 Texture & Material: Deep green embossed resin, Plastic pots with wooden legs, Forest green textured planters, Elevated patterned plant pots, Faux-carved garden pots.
---
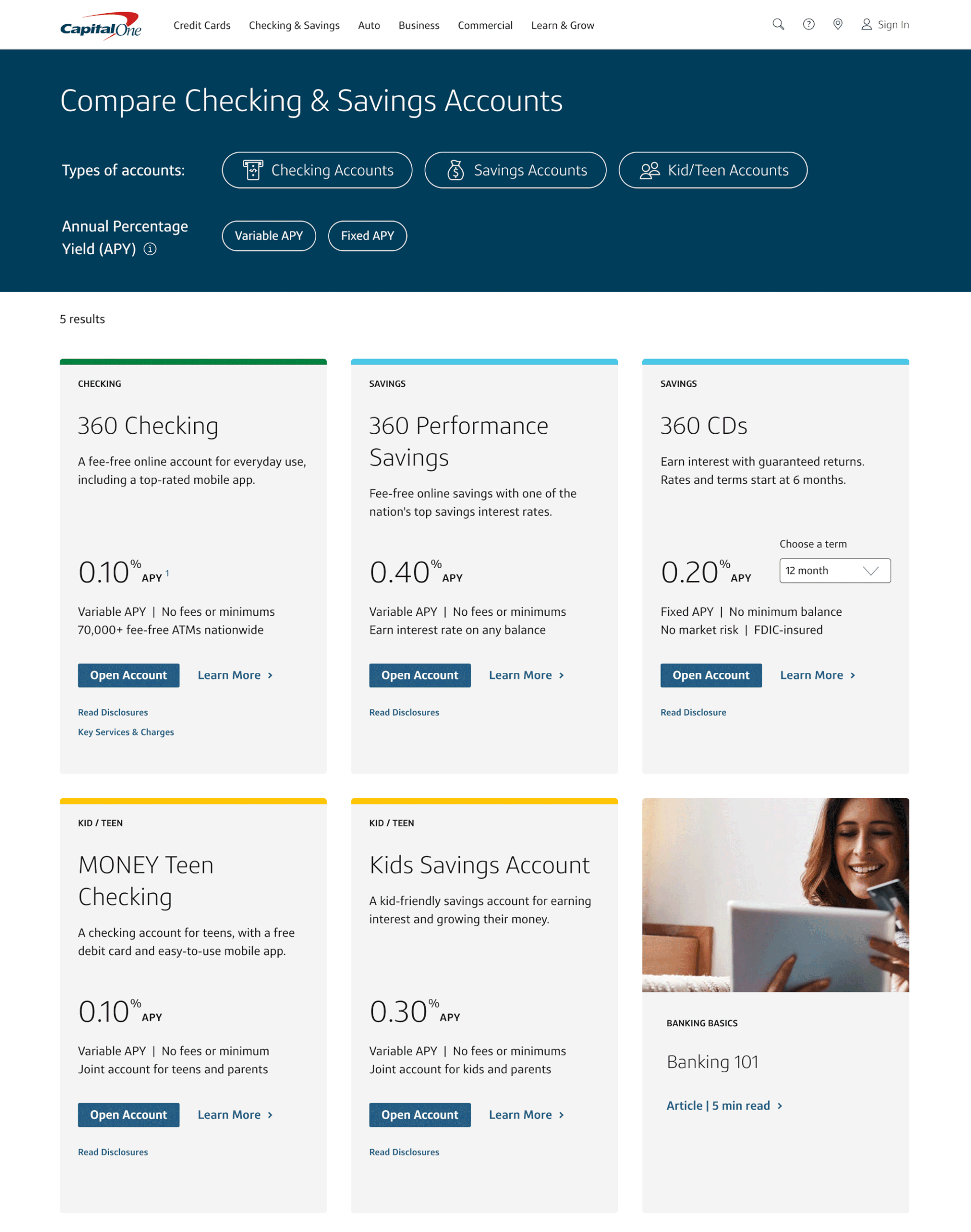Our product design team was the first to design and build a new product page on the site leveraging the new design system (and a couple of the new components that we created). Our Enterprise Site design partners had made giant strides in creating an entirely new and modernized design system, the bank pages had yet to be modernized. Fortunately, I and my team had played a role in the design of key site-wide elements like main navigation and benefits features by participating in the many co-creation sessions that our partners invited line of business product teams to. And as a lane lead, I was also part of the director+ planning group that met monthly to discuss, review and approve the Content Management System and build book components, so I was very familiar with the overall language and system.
---
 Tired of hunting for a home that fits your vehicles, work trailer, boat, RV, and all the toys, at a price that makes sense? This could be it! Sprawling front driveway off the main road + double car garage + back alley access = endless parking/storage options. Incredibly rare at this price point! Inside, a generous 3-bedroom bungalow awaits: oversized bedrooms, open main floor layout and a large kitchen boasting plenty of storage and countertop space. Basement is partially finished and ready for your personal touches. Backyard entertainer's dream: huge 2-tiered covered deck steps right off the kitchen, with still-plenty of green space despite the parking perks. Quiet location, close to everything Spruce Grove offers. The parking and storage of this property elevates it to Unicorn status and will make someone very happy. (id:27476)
---
§ **WHAT THE EXERCISE ASKS**: Establish how many lines of the entries hold the word "green", giving nothing but the number.

§ **ANSWER BOX**: 2